Could a New Method of Acromiohumeral Distance Measurement Emerge? Artificial Intelligence vs. Physician.
Authors
Affiliations (5)
Affiliations (5)
- Department of Physical Medicine and Rehabilitation, Prof. Dr. Cemil Tascioglu City Hospital, Istanbul, Turkey. [email protected].
- Department of Radiology, Basaksehir Cam and Sakura City Hospital, Istanbul, Turkey.
- Department of Physical Medicine and Rehabilitation, Istanbul Training and Research Hospital, Istanbul, Turkey.
- Department of Physical Medicine and Rehabilitation, Golcuk Necati Celik State Hospital, Kocaeli, Turkey.

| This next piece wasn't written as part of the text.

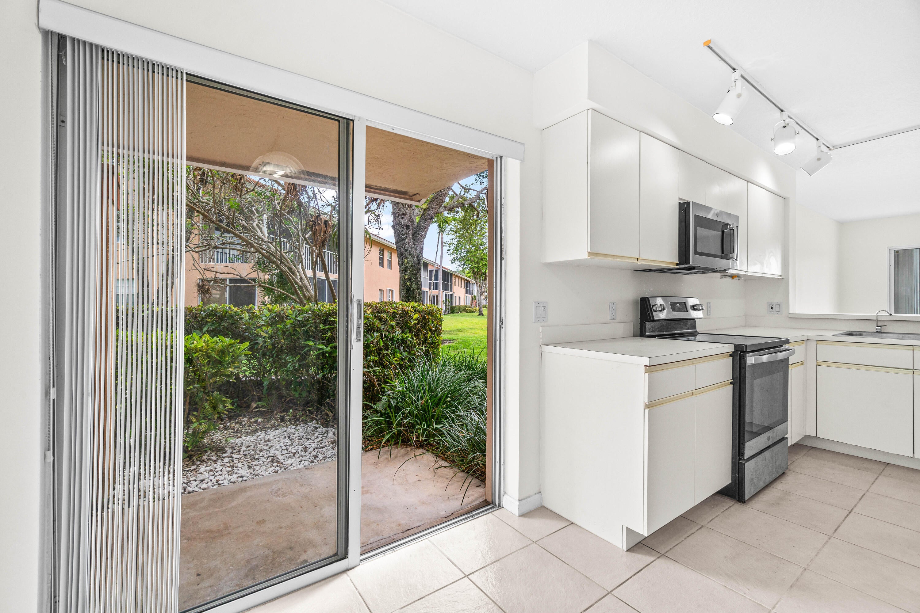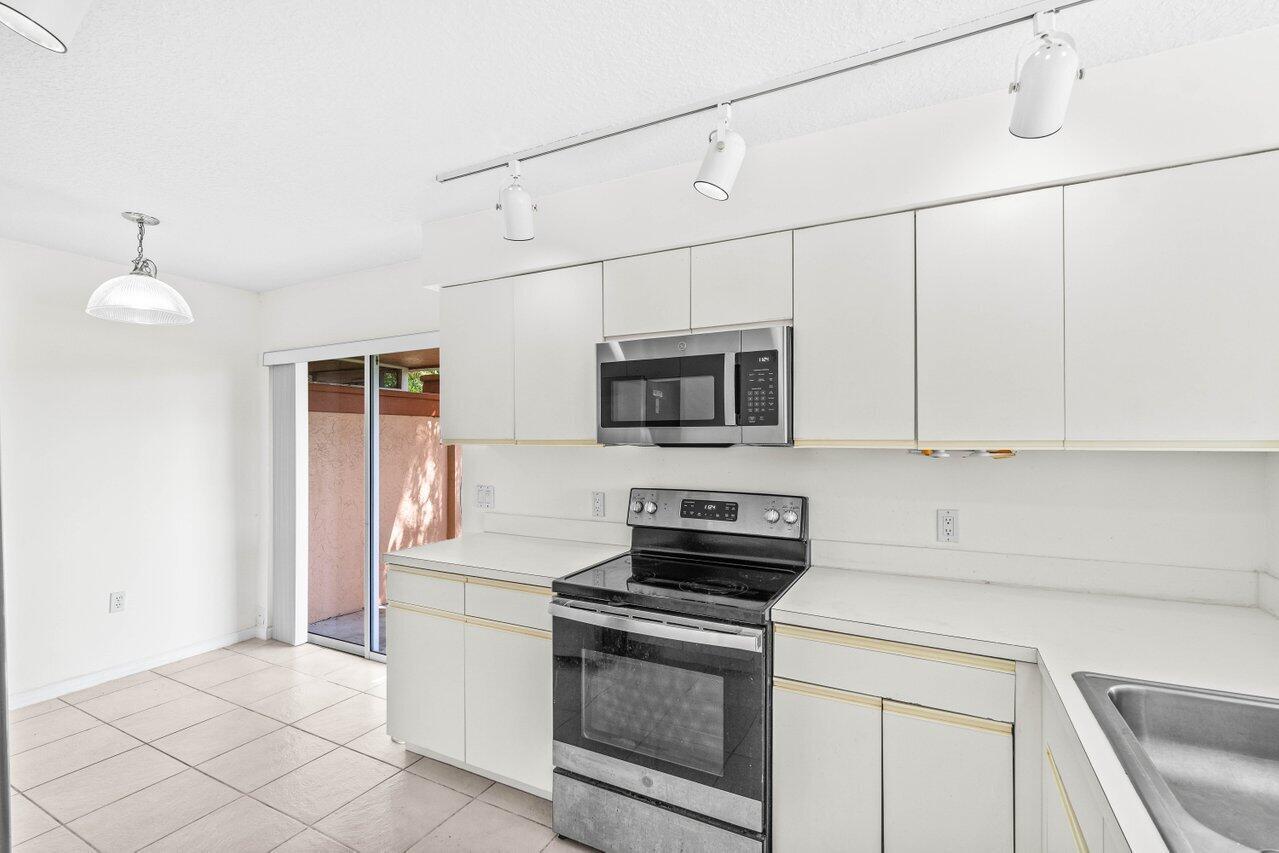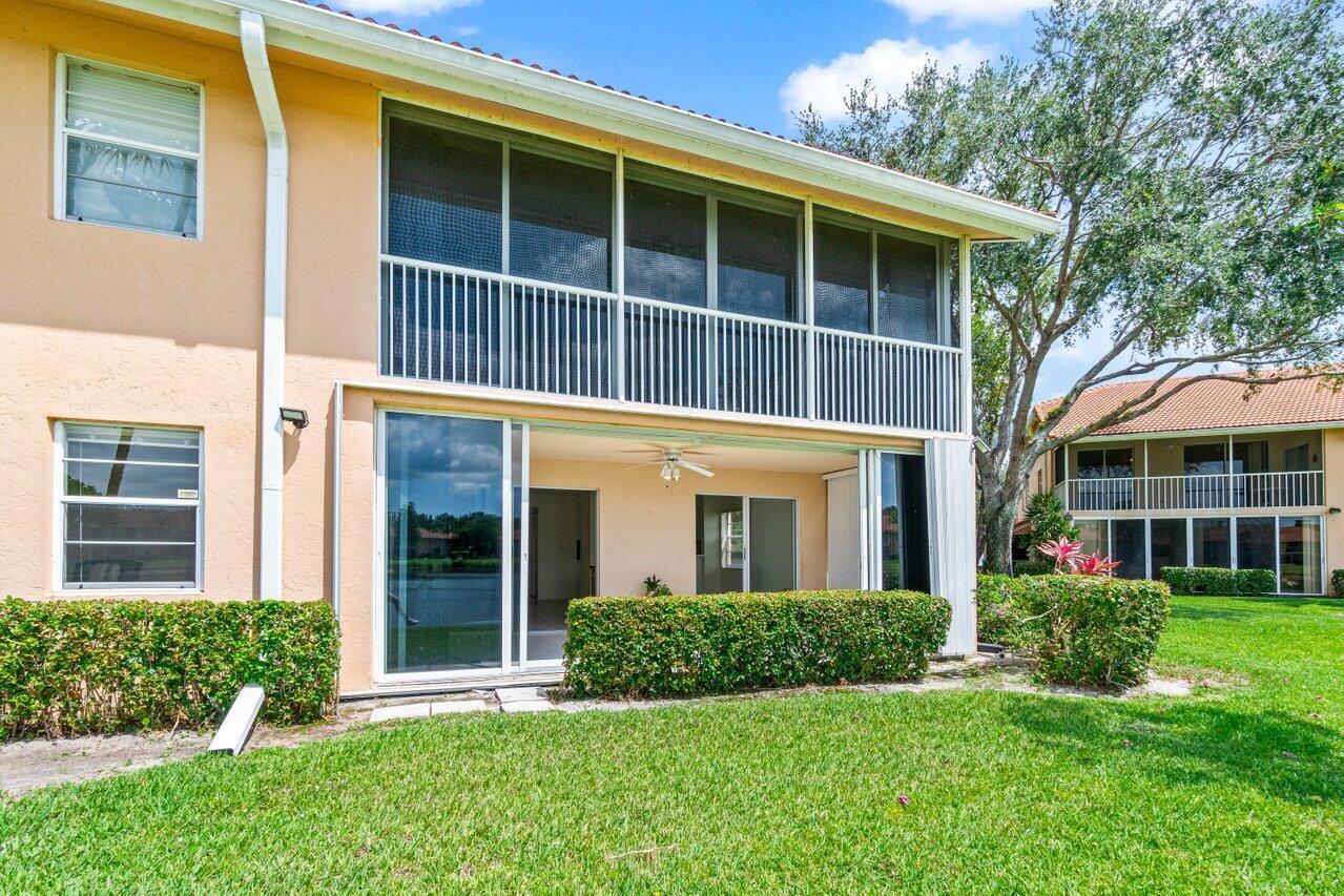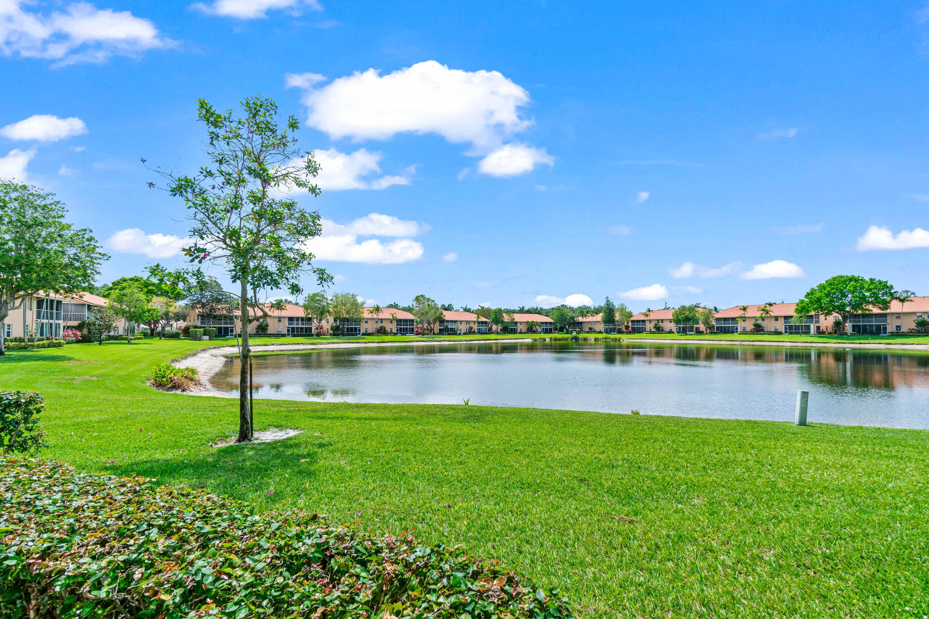A must-see first floor, single level, three bedrooms, two bath end unit with spectacular water views from nearly every room! This private, peaceful residence has ample space for living and entertaining and two separate patios allow you to enjoy the indoor/outdoor Florida lifestyle and beautiful lake views. Tasteful interior upgrades include a new stainless-steel refrigerator, stove, and microwave in the kitchen, a newly remodeled guest bathroom, newly tiled master bedroom and shower, all the popcorn has been removed from the ceiling and the unit is freshly painted throughout! The complex will be repainted in soft hues of gray and all the assessments have been paid. Please see more.Palm Isles offers resort style amenities including a Large Active Clubhouse currently being remodeled, Indoor/Outdoor Pools, Tennis, Pickleball, Theatre, Card Rooms, Billiards, Ceramics, Men's and Women's Exercise Facilities and a Cafe for breakfast and lunch!

- Department of Physical Medicine and Rehabilitation, Basaksehir Cam and Sakura City Hospital, Istanbul, Turkey.
Abstract
The aim of this study was to evaluate the reliability of ChatGPT-4 measurement of acromiohumeral distance (AHD), a popular assessment in patients with shoulder pain. In this retrospective study, 71 registered shoulder magnetic resonance imaging (MRI) scans were included. AHD measurements were performed on a coronal oblique T1 sequence with a clear view of the acromion and humerus. Measurements were performed by an experienced radiologist twice at 3-day intervals and by ChatGPT-4 twice at 3-day intervals in different sessions. The first, second, and mean values of AHD measured by the physician were 7.6 ± 1.7, 7.5 ± 1.6, and 7.6 ± 1.7, respectively. The first, second, and mean values measured by ChatGPT-4 were 6.7 ± 0.8, 7.3 ± 1.1, and 7.1 ± 0.8, respectively. There was a significant difference between the physician and ChatGPT-4 between the first and mean measurements (p < 0.0001 and p = 0.009, respectively). However, there was no significant difference between the second measurements (p = 0.220). Intrarater reliability for the physician was excellent (ICC = 0.99); intrarater reliability for ChatGPT-4 was poor (ICC = 0.41). Interrater reliability was poor (ICC = 0.45). In conclusion, this study demonstrated that the reliability of ChatGPT-4 in AHD measurements is inferior to that of an experienced radiologist. This study may help improve the possible future contribution of large language models to medical science.